BOTTOM LINE: Reliable websites are available to help you identify "stray" pills, whether they are over the counter or prescription.
Wednesday, September 1, 2010
Yuck! Not a great way to start the day, I can assure you. This is my foot next to the rather large scorpion that was scrambling towards me as I stepped out of the shower yesterday morning! No, I'm not so neurotic as to have a camera handy that second, but when I grabbed a shoe and killed it, I decided it wasn't smashed too badly, and that perhaps I should blog on this too common, unwelcome Texas houseguest.
So, what do you do if you (or a friend or family member) is stung by a scorpion? First of all, don't panic! Most of the time, a scorpion sting is like a bee sting- pain, burning, mild swelling and maybe numbness locally, that will resolve fairly quickly. If you live in Texas, we are fortunate that our scorpions, scary as they can look, are not severely poisonous.
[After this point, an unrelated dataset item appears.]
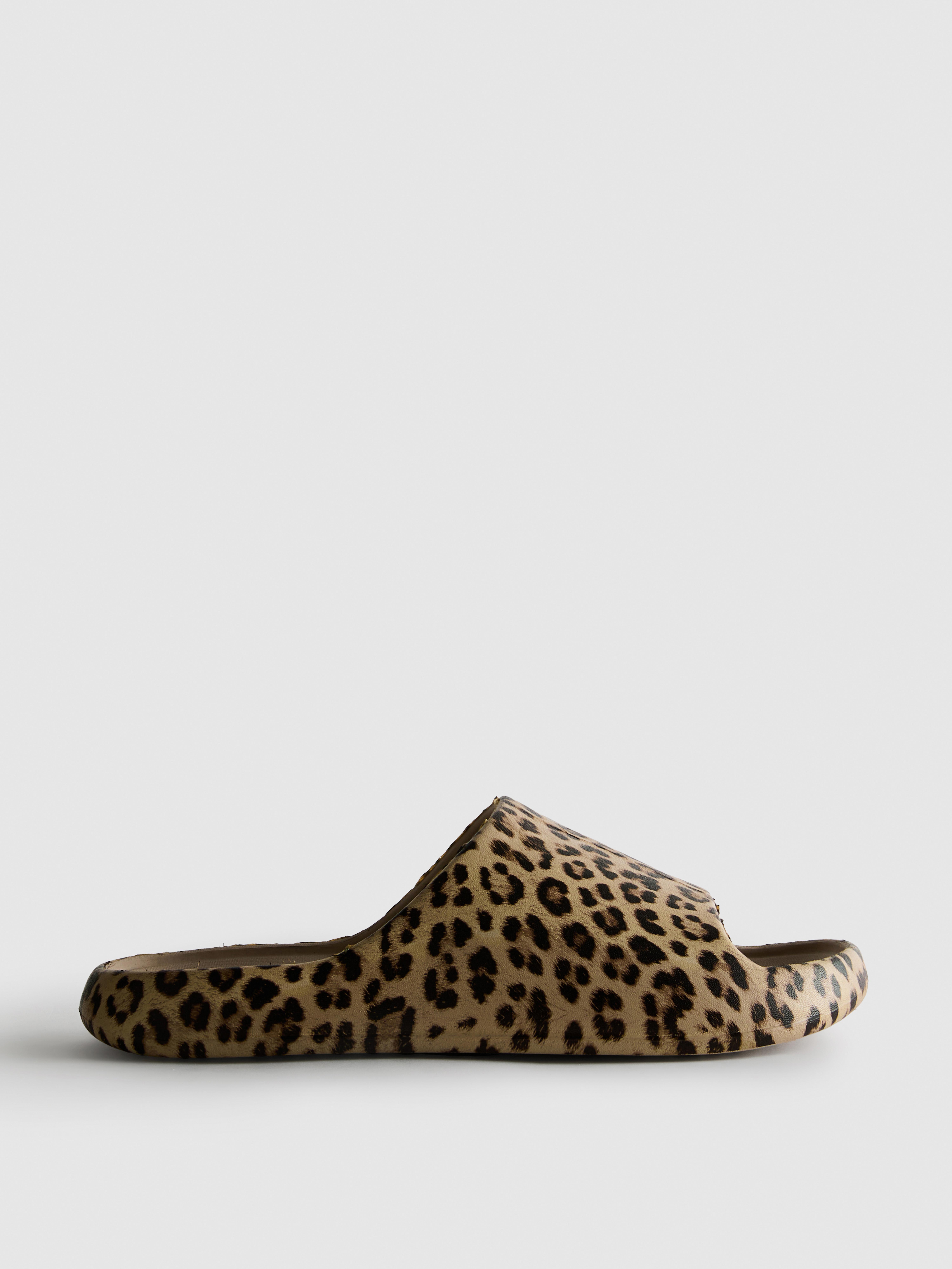 Easy, lightweight and ready for sunny days. These moulded pool sliders have a flexible and waterproof finish that feels light on your feet. The leopard print keeps things fun, while the one-piece, widestrap design offers a secure and durable fit. A contoured, ergonomic footbed supports the natural shape of the foot, teamed with a thick cushioned sole. Finished with an open-toe design to keep feet cool in warm weather.

If you live in New Mexico or Arizona, watch out for the dreaded bark scorpion, which can cause more serious reactions such as severe swelling, shortness of breath, shock and even death. If you are stung and your symptoms rapidly escalate, go directly to an emergency room.
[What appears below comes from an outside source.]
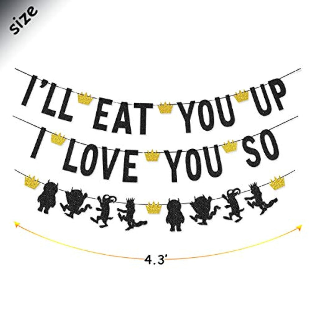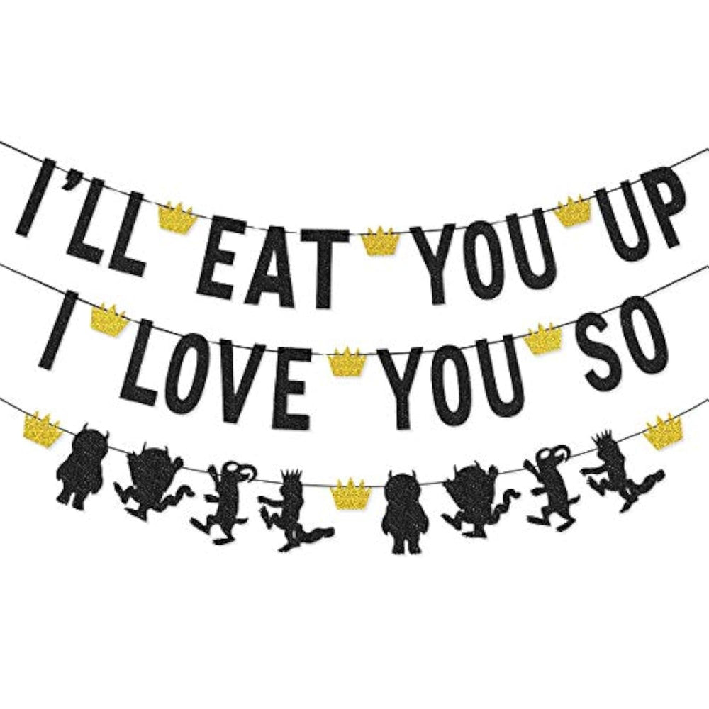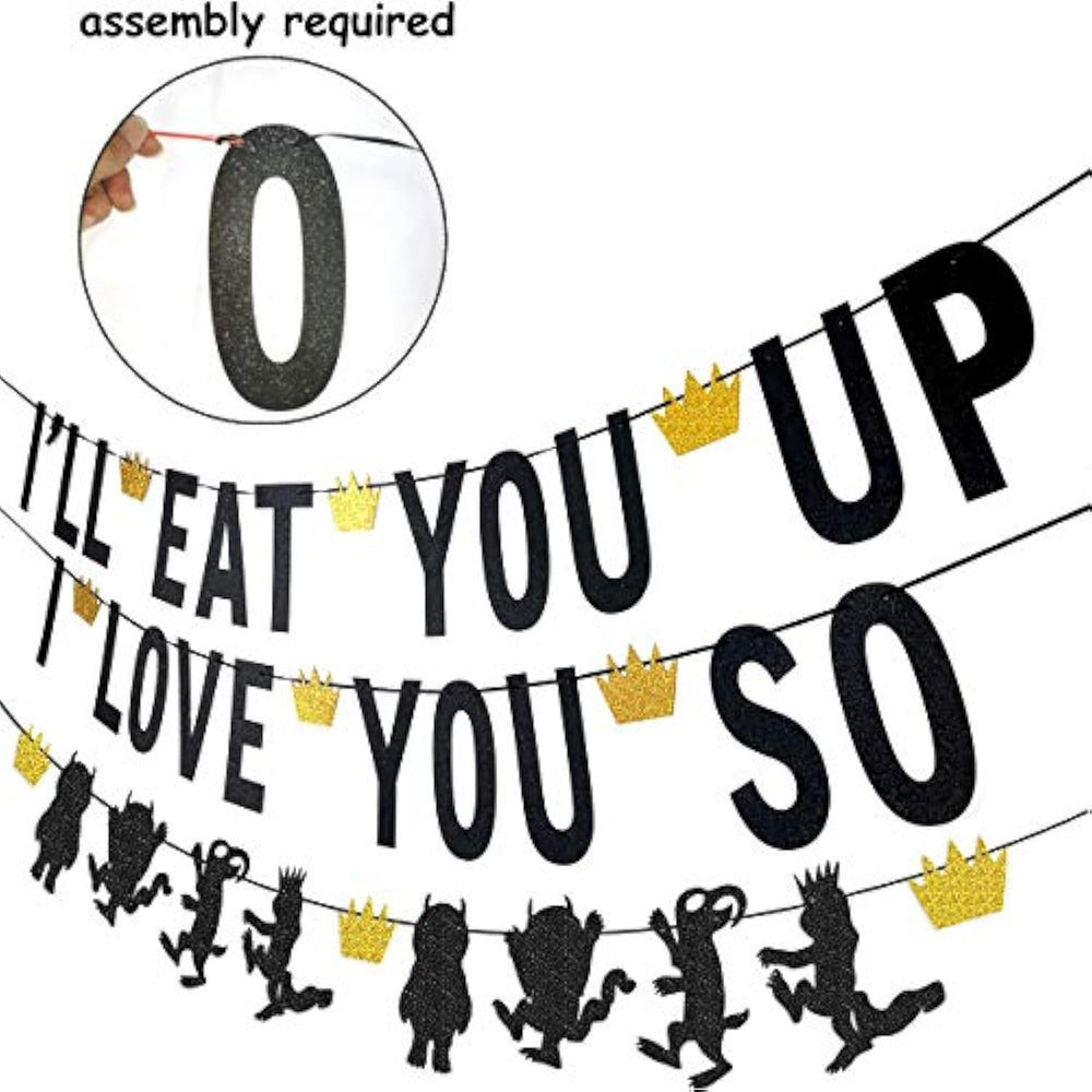 Add a magical touch to your little one’s celebration with the “I’ll Eat You Up I Love You So” banner—perfect for Wild One or Where the Wild Things Are themed parties. Made from high-quality glitter cardstock that won’t shed, this eye-catching garland makes a charming photo prop or party decoration. Some assembly is required, but don’t worry—string and a plastic needle are included for easy setup.

For the majority of stings, however, first aid will do. Wash the area immediately with soap and water. Ice and elevate the area if possible. Remove any rings, bracelets, watches or other constrictive accessories. If you are starting to swell up, take a diphenhydramine (benadryl) tablet/capsule. Topical steroid wont hurt, and might help a bit. Ice the area for about ten minutes.
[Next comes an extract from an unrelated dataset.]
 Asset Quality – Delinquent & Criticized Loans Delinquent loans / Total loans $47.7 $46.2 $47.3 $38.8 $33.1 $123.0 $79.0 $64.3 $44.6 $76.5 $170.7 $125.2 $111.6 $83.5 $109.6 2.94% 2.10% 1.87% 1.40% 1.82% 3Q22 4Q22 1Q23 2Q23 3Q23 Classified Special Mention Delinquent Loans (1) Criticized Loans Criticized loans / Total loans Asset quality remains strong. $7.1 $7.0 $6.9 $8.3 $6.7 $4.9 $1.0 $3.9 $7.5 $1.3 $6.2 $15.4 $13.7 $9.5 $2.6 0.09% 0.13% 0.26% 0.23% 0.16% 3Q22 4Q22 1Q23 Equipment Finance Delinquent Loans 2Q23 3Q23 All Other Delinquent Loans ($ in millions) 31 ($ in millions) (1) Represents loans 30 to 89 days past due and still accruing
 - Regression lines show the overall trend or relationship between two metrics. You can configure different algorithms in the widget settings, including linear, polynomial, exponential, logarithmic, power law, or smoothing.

A non-scientifically proven, but much recommended home remedy is to very quickly apply a paste of meat tenderizer (with papaya extract) and a bit of water directly onto the area that was stung. This seems to alleviate the pain more rapidly, and at worst case, it is not harmful. Finally, check the date of your last tetanus shot- if it is more than 7 years ago, go get a new one.
BOTTOM LINE: If you are stung by a scorpion in Texas, wash it with soap & water, apply ice, take some benadryl and see your doctor if symptoms escalate (or if you are behind on your tetanus booster.)
PS. Happy September 1st! You know what to do- change those AIR FILTERS!